I see there are some warnings. However, I see the same warnings in other watercourses that don't crash like this.

simia commented 11 hours ago

Hi! As I understand this error causes mesh crash? In this case I'd suggest filing (through proper channels) issue against Mesh and providing additional information in that issue rather than in this Public repo: Could you provide mesh process core dump? Could you also provide us with Mesh log file?

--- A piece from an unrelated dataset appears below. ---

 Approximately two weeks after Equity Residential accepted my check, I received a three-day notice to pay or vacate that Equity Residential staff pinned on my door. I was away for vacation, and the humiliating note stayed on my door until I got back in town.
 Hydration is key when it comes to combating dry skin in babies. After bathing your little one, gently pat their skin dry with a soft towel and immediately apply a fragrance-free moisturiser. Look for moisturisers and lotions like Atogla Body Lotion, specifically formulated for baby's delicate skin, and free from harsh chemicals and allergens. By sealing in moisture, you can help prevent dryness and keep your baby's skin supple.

asmunds commented 11 hours ago

No, Mesh does not crash. Or, at least not the whole server. Do you mean a server crash, or that the crash is on the Mesh side of things, so its not really a Python SDK issue?

simia commented 10 hours ago

No, Mesh does not crash. Or, at least not the whole server. Do you mean a server crash, or that the crash is on the Mesh side of things, so its not really a Python SDK issue?

I believe that the problem is on the Mesh side. Not sure yet what exactly is the problem though.